La Source de M. Thirion est sans doute la nymphe Hippocrène. Assise dans un fond de paysage dont les arbres aux verts métalliques et les rochers aux irisations de pierreries rappellent la manière de M. Gustave Moreau, elle regarde un poète qui est venu boire ses eaux magiques et auquel un petit Amour présente une coupe d’or. L’invention est, comme on voit, assez pauvre, mais la peinture est bonne : dessin correct, modelé souple, carnations d’un gris rosé très lumineux. L’Idylle de M. Raphaël Collin, un nom qui paraît cependant prédestiné, a pour personnages un Daphnis dans le costume d’Adam et une Chloé dans le costume d’Eve, devisant sur la lisière d’une forêt. Ces deux figures sont traitées dans le parti-pris de plein air à la mode ; c’est-à-dire que, sans ombre ni lumière, elles se découpent comme de plates silhouettes dans une demi-teinte uniforme. Si encore elles rachetaient ce manque de relief et de couleur par le sentiment ou par le dessin ! Mais quel galbe pauvre et vide ! quelle expression banale ! M. Priou fait réveiller la fée du Printemps par un essaim d’amours qui murmurent à son oreille des chansons voluptueuses et enlèvent les voiles diaphanes dont elle est vêtue. C’est la grâce par le maniérisme. Figurez-vous une nymphe de Bouguereau avec plus de légèreté dans les draperies, qui laissent transparaître des chairs d’une pâte plus ferme et plus grasse.
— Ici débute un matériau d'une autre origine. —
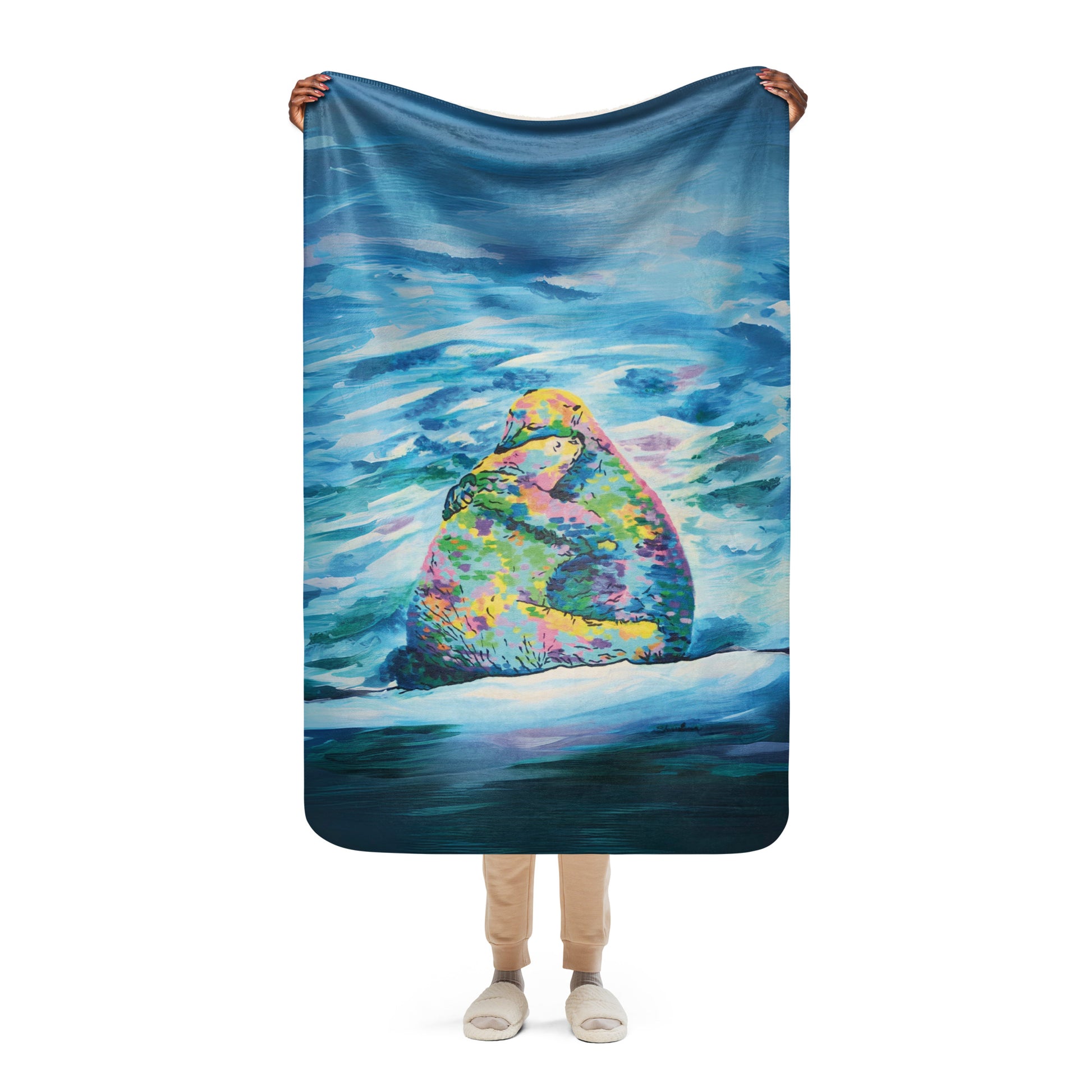 Experience the warmth of love with Bear Hug, a lively painting set in the icy wilderness -- or, perhaps, Chicago's own Lincoln Park Zoo... This enchanting painting captures a heartwarming moment between a polar bear couple locked in a loving embrace.

La Vérité, de M. Paul Baudry, a déjà été exposée, dans un cercle. Nous en avons loué ici[1] la couleur nacrée et l’adorable vénusté. M. Ary Renan portera dignement un nom illustre. Il n’est pas besoin de recourir au livret pour voir que ce tout jeune peintre est élève de Puvis de Chavannes. On le pressent à la vue de ce tableau qui, dans un petit cadre, a le caractère de la grande peinture. Le Plongeur vient de remonter à la surface de la mer. Brisé et mourant,

  1. Voyez la Revue du 1er mars 1880.